Sir Roger Scruton’s religious views are dissonant but beautiful

Artillery Row

The late, great Sir Roger Scruton (1944-2020) was clear about his politics, but not religion, even though he wrote a lot about religion, particularly towards the end. He wrote one book about the Church of England, in which he was raised. He certainly advocated for conservation of Christian culture. He was well read on other religions and atheism.

For some interpreters, he was spiritual but not religious. For others, he was evangelical. Mark Dooley, whose philosophy is influenced by his Irish Catholic background, told a meeting of the Scruton Legacy Foundation in October that Scruton’s personal religiosity infuses all his work. Anthony O’Hear, Scruton’s colleague in the philosophy department at the University of Buckingham, isn’t sure. Scruton was “very private,” he said, and never revealed any religion or spirituality. At the least, Scruton was a cultural Christian. He may have been a Christian atheist, as his friend and colleague Douglas Murray self-identifies. However, as we shall see, his experience of religion seems to go beyond atheism, although not to any endorsement of religion.
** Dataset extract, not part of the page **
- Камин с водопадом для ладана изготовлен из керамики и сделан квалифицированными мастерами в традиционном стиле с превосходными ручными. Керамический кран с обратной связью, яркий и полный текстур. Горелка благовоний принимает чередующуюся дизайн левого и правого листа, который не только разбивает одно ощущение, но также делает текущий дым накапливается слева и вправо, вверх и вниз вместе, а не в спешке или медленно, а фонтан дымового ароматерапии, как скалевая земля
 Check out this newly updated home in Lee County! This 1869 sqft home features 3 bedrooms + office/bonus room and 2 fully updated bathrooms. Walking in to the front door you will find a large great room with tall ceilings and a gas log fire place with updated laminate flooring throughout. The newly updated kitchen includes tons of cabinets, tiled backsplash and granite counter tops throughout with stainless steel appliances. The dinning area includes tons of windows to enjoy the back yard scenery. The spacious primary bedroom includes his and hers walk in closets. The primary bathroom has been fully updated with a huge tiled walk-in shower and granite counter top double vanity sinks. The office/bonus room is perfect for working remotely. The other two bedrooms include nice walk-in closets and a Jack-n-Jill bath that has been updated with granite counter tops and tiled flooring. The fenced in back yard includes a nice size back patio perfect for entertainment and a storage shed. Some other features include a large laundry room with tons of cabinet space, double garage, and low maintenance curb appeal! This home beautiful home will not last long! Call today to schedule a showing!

From November to December, I joined a group of Scruton’s colleagues, students, and admirers, organized by the Scruton Legacy Foundation, for a weekly discussion of his most dedicated book on religion.

“The Soul of the World” is a thin book, less than 200 pages of main body text. The arguments are quick, sparse, sometimes evasive. Scruton was always pithy. His writing is alive with references to his wide reading, with which most in his own profession will never catch up. “The Soul of the World” is extreme in these regards. The preface warns that he is revisiting and building on themes he explored more thoroughly elsewhere. He warns of few citations: “[F]or the most part the manner is informal, and allusions to other writers more conversational than scholarly.” Most of the chapters are based on talks to scholars of divinity or philosophy. He sometimes assumes familiarity with his prior work.

I share Scruton’s discomfort with reduction of religion to genotypes and phenotypes

Analysis of a short book can seem like over-analysis. However, Scruton chose to give us “The Soul of the World” as his only work dedicated to religion in general, and he chose to keep it short. (Scruton went on to explore religion, in passing, in “On Human Nature,” published in 2017.)

Some participants in the group introduced themselves honestly as repeat readers in hope of clarification. Anthony O’Hear opened the discussion by admitting that the book is unusually difficult to read. O’Hear also warned of some internal contradictions. Often I found Scruton betraying his own dissonance, even self-censorship (although this was surely subconscious, for such an overtly fearless writer).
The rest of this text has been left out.